■ DATA SEGMENT:
* * * * * * *

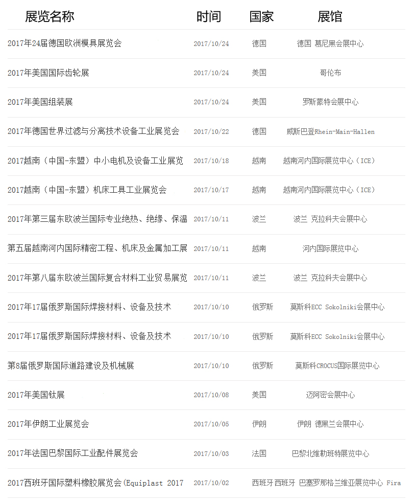2017年10月境外工业机械展览会汇编
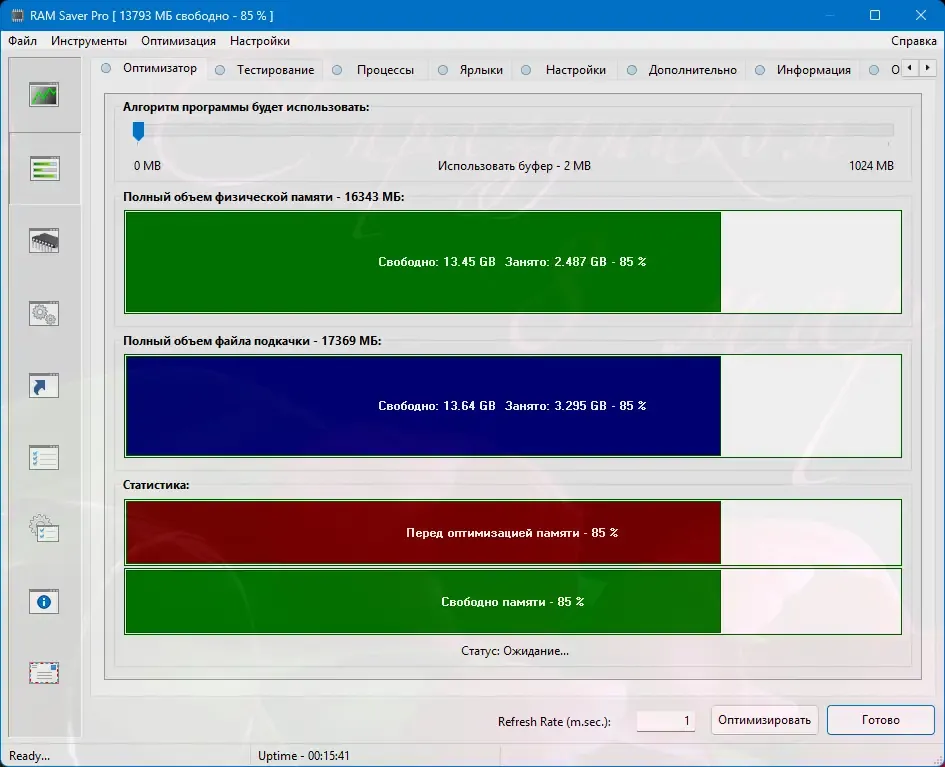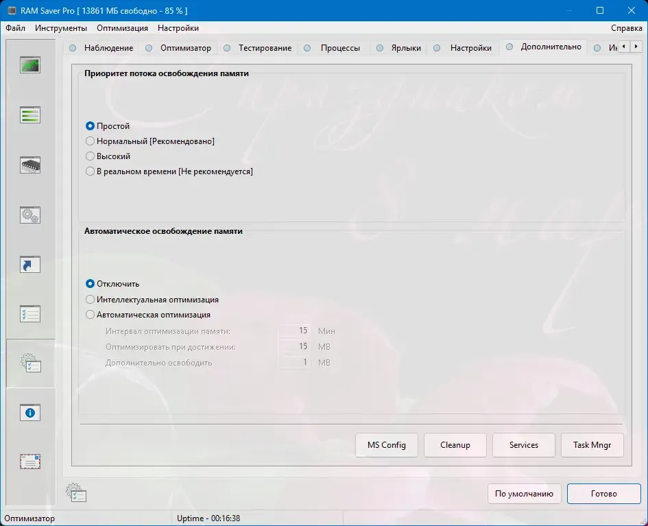 RAM Saver демонстрирует высокую эффективность в управлении памятью, особенно на системах со скромными аппаратными характеристиками. Утилита работает стабильно, не создавая лишней нагрузки на процессор. Её интерфейс интуитивно понятен, а наличие портативной версии расширяет сценарии использования. В то же время, для современных ПК с большим объёмом RAM эффект может быть менее заметен, особенно при отсутствии утечек в приложениях.
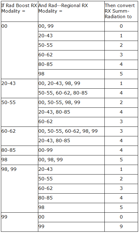If the transmitted value is not numeric, the new case record version is A or later, and Date_DX >= 20030101, then generate RX Summ-Radiation from Rad_Boost_RX_Mod and Rad--Regional RX Modality according to the rules in the corresponding conversion table in the UPDATE section below).

* * * * * * *

■ PROBLEM STATEMENT: A word-for-word restatement of all the lines above is needed, with the pictures omitted.

■ YOUR RESPONSE:
2017年10月境外工业机械展览会汇编
 RAM Saver демонстрирует высокую эффективность в управлении памятью, особенно на системах со скромными аппаратными характеристиками. Утилита работает стабильно, не создавая лишней нагрузки на процессор. Её интерфейс интуитивно понятен, а наличие портативной версии расширяет сценарии использования. В то же время, для современных ПК с большим объёмом RAM эффект может быть менее заметен, особенно при отсутствии утечек в приложениях.
If the transmitted value is not numeric, the new case record version is A or later, and Date_DX >= 20030101, then generate RX Summ-Radiation from Rad_Boost_RX_Mod and Rad--Regional RX Modality according to the rules in the corresponding conversion table in the UPDATE section below).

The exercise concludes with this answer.